RR Phantom
Location : Wasted Space Job/hobbies : Cayman Islands Actuary
| Subject: 'Parents have lost the plot': Controversial author updates book for new generation Sat Apr 30, 2016 11:37 pm | |
| For the past 40 years, maternity nurse Rachel Waddilove has been guiding women through the dense fog of new motherhood. Her methods, spelt out in her parenting manual The Baby Book, first published a decade ago, are controversially traditional - she advocates swaddling, controlled crying and formula - yet her client list includes Hollywood A-listers such as Minnie Driver and Gwyneth Paltrow.
Now Rachel, 68 and a grandmother of six, has decided to bring The Baby Book to a new generation. She has spent the past year compiling a new edition of the book, out this week, and which takes into account mothers' evolving lifestyles.
"It's not me who has changed," she says, "it's modern mothers. You're all so busy, you travel so much and you scare yourselves by reading nonsense on the internet. I want to make my message even clearer."
As a first-time mother three years ago, I was one of Rachel's "girls". She showed me how to swaddle Hector, my firstborn, and leave him to settle in his cot. The results were instantaneous: my husband and I began to get a lot more sleep.

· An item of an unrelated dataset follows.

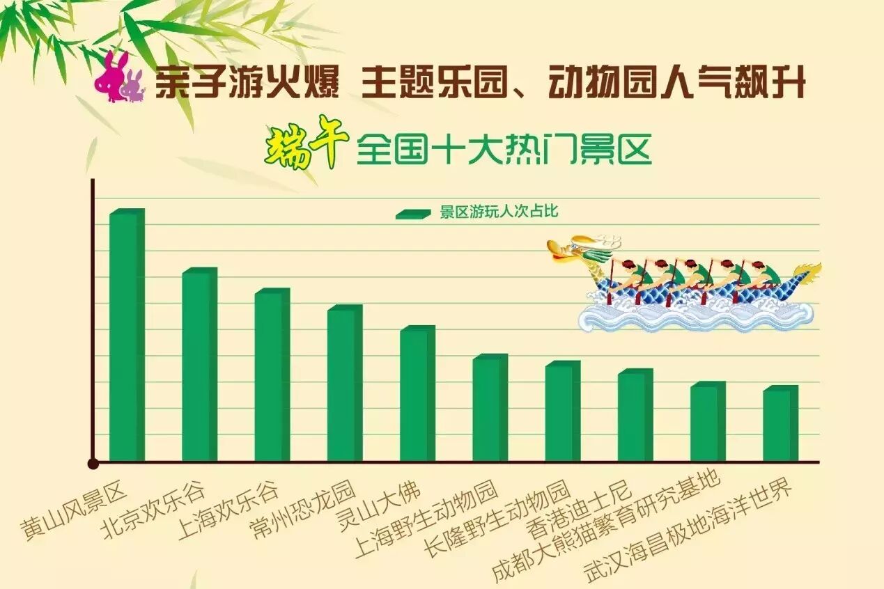 端午小长假全国大部分地区天气晴好,儿童出游需求量的增加带热了一大批主题乐园:如华东地区的上海欢乐谷、上海野生动物园,华南地区的长隆野生动物园,西南地区的成都大熊猫繁育研究基地,华中地区的武汉欢乐谷等,在端午期间都陆续接待了大量的游客。苏州金鸡湖、沙家浜、无锡蠡园等景区举办了别具特色的时令节气活动---龙舟赛,也吸引了不少游客。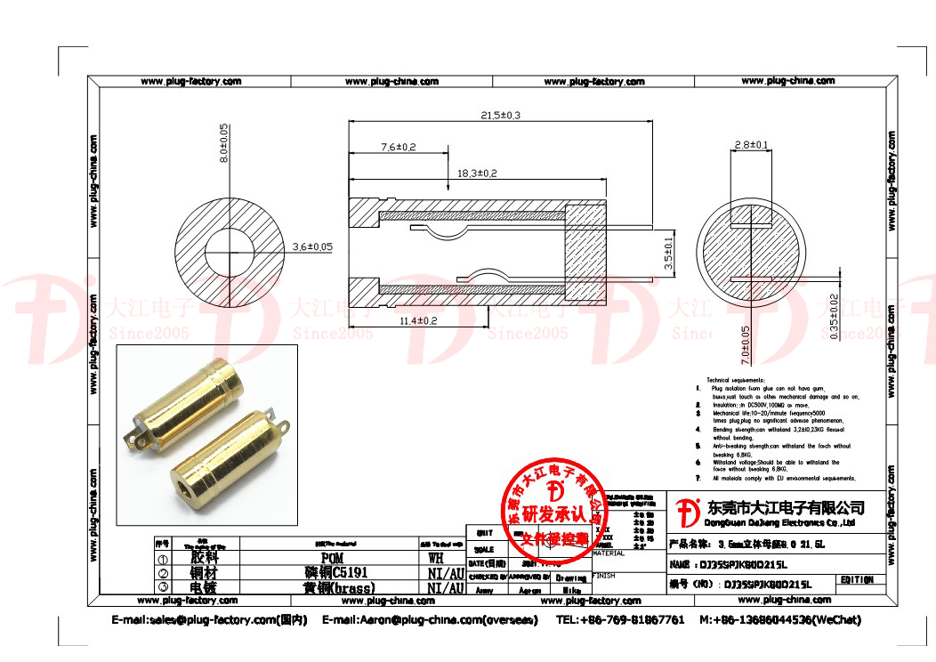 產(chǎn)品說明:3.5mm立體 總長:21.5L耳機母座 鍍金8.0

Two babies later, however, and I've gone soft. My latest addition, Horatio, 12 weeks, is exclusively breastfed, he spends his days attached to me in a sling and has a special cot connected to our bed, which he usually shuns in favour of sleeping next to me.
As I tell Rachel this, she sighs. "Modern parenting is all about the child, and that's what I don't like about it," she says. "I'm not belittling the fact that children are precious - they're a gift - but we're building a generation of little tin gods and it's not creating a very nice society. We've lost the plot."